|Peanuts||1 Cup (16 tbs) (unsalted)|
|All purpose flour||2 Cup (32 tbs)|
|Butter/Margarine||1 Cup (16 tbs), softened|
|Light brown sugar||3⁄4 Cup (12 tbs), packed|
|Vanilla extract||1⁄2 Teaspoon|
|Baking soda||1⁄4 Teaspoon|
1. In blender at medium speed or in food processor with knife blade attached, grind 3/4 cup peanuts, a few portions at a time. Reserve remaining peanuts.
2. Into large bowl, measure flour and remaining ingredients except the peanuts. With mixer at low speed, beat ingredients until well blended, occasionally scraping bowl with rubber spatula. Stir in ground peanuts until well mixed. With hands, roll dough into three 5-inch-long logs. Wrap each log with plastic wrap and refrigerate about 2 hours or until dough is firm enough to slice. (Dough can be refrigerated up to 1 week before baking.)

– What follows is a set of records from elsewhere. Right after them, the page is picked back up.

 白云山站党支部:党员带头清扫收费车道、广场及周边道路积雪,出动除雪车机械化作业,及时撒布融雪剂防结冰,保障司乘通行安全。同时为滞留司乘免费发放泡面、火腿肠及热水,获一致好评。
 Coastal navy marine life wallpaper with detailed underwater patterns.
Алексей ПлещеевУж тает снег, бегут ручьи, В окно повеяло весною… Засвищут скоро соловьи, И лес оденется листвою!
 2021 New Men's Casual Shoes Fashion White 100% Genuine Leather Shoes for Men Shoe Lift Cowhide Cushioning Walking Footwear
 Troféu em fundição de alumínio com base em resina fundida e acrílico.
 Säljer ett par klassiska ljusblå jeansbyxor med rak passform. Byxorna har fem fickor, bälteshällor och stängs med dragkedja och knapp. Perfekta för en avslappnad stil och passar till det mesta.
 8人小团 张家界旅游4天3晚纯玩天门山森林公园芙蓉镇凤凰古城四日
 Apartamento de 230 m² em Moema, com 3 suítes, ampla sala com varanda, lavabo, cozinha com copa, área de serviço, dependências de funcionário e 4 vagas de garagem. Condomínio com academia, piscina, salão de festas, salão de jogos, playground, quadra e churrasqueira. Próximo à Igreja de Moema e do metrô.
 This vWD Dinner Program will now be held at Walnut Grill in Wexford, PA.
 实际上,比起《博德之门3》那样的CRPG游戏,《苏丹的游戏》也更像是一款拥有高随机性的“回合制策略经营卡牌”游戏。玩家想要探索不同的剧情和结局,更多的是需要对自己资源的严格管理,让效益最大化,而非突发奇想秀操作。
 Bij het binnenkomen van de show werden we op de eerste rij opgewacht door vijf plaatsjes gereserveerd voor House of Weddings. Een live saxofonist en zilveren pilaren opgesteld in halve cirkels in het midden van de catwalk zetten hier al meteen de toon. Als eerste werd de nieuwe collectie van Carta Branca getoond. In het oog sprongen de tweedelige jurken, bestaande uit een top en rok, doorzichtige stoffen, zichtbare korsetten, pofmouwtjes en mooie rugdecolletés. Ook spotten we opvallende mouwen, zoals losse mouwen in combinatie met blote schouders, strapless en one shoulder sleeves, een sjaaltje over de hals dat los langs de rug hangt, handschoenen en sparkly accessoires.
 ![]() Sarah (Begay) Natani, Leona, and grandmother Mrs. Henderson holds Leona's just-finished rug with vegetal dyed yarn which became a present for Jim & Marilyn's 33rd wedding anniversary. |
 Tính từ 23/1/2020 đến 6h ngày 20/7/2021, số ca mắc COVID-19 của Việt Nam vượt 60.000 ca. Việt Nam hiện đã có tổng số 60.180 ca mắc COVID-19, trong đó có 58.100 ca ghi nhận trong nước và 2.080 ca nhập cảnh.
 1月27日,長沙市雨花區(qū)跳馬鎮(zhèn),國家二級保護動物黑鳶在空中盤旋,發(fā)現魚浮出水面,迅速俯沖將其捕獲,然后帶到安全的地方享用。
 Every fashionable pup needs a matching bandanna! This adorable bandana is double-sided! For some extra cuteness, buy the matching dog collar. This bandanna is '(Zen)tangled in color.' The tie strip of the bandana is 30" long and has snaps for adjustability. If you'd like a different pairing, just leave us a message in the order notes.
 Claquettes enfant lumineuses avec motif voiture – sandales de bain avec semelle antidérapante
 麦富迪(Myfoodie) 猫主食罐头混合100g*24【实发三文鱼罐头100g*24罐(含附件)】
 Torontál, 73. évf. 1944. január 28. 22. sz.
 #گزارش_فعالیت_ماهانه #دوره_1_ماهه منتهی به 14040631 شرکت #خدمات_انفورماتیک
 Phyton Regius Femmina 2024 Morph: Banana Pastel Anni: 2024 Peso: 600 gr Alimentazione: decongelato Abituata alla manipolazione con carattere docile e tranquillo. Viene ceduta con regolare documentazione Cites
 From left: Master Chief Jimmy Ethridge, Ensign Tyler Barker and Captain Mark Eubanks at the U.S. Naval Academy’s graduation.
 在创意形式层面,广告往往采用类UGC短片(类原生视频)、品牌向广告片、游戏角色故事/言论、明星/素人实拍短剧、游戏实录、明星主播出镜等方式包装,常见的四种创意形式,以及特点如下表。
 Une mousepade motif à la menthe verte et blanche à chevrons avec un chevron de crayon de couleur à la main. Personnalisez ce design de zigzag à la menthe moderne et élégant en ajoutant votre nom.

3. Preheat oven to 350°F. Grease large cookie sheets. Slice one log crosswise into 1/4 inch-thick slices. Place slices, 1/2 inch apart, on cookie sheets; press a reserved peanut into top of each cookie.
4. Bake cookies 8 to 10 minutes until lightly browned. With pancake turner, remove cookies to wire racks to cool. Repeat with remaining logs and peanuts. Store cookies in tightly covered container.